Yeary v. State

711 S.E.2d 694, 289 Ga. 394, 2011 Fulton County D. Rep. 1821, 2011 Ga. LEXIS 501
CourtSupreme Court of Georgia
DecidedJune 20, 2011
DocketS10G1085
StatusPublished
Cited by17 cases

This text of 711 S.E.2d 694 (Yeary v. State) is published on Counsel Stack Legal Research, covering Supreme Court of Georgia primary law. Counsel Stack provides free access to over 12 million legal documents including statutes, case law, regulations, and constitutions.

Bluebook
Yeary v. State, 711 S.E.2d 694, 289 Ga. 394, 2011 Fulton County D. Rep. 1821, 2011 Ga. LEXIS 501 (Ga. 2011).

Opinions

BENHAM, Justice.

After the trial court denied her motion to obtain evidence possessed by a Kentucky corporation by means of the Uniform Act to Secure the Attendance of Witnesses from Without the State, OCGA § 24-10-90 et seq. (“Uniform Act”), appellant Lisa Yeary was convicted in a bench trial of driving under the influence per se based on evidence that the Intoxilyzer 5000 recorded her blood alcohol concentration as 0.179 grams, a result over the legal limit of 0.08 grams. See OCGA § 40-6-391 (a) (5). Before the Court of Appeals, Yeary argued that the trial court erred when it denied her pre-trial motion and found that the evidence she had sought from the out-of-state corporation, the source code for the Intoxilyzer 5000, was neither material nor relevant. The Court of Appeals upheld the trial court’s ruling under the “right for any reason rule” and affirmed the judgment of conviction, holding that the Uniform Act could be used to obtain the presence and testimony of an out-of-state witness and evidence in the possession of the witness, but it could not be used to request only the production of evidence located in another state. Yeary v. State, 302 Ga. App. 535, 537 (690 SE2d 901) (2010). Citing French v. State, 288 Ga. App. 775, 776 (655 SE2d 224) (2007), the Court of Appeals concluded that “a request for documents and like things under the Act must be made ancillary to a request for testimony from an out-of-state witness” (Yeary v. State, supra, 302 Ga. App. at 537), and affirmed the trial court’s denial of the motion because “[tjhere is nothing in the record showing that Yeary identified or sought to obtain testimony from a witness who should be compelled to produce the evidence.” Id. We granted Yeary’s petition for a writ of certiorari to the Court of Appeals.

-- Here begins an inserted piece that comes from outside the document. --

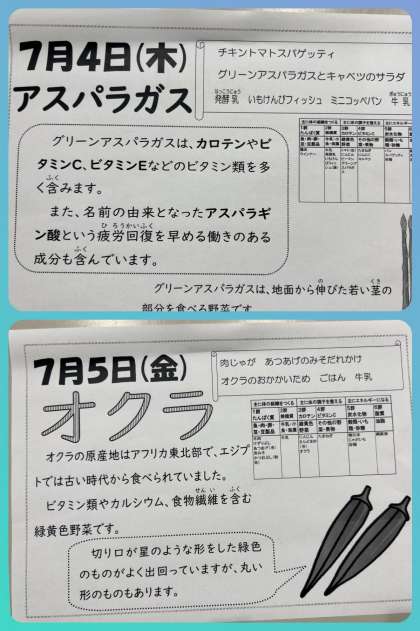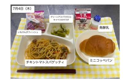本日の給食では、「チキントマトスパゲッティ・グリーンアスパラガスとキャベツのサラダ」などが提供されます。しっかり食べて、暑さに負けない健康の保持増進に努めましょう。

The Sixth Amendment to the United States Constitution1 and Article I, Sec. I, Par. XIV of the Georgia Constitution guarantee a Georgia criminal defendant the right to compulsory process for obtaining witnesses in his defense. “[Cjriminal defendants have the right to the government’s assistance in compelling the attendance of favorable witnesses at trial and the right to put before a jury evidence that might influence the determination of guilt.” Pennsylvania v. Ritchie, 480 U. S. 39, 56 (107 SC 989, 94 LE2d 40) (1987). A Georgia court has authority to compel the attendance at a Georgia criminal trial of persons anywhere within Georgia (OCGA §§ 24-10-21, [395]*39517-7-191); however, process issued by Georgia courts does not have extraterritorial power. See Hughes v. State, 228 Ga. 593 (3) (187 SE2d 135) (1972) (Georgia’s constitutional provision to a criminal defendant of “compulsory process to obtain the testimony of his own witnesses ... is of no benefit when the witnesses reside beyond the jurisdiction of the courts of this State.”). See also Pennoyer v. Neff, 95 U. S. 714, 722 (24 LE 565) (1877), overruled in part by Shaffer v. Heitner, 433 U. S. 186, 212, n. 39 (97 SC 2569, 53 LE2d 683) (1977), which states “no State can exercise direct jurisdiction and authority over persons ... without its territory.”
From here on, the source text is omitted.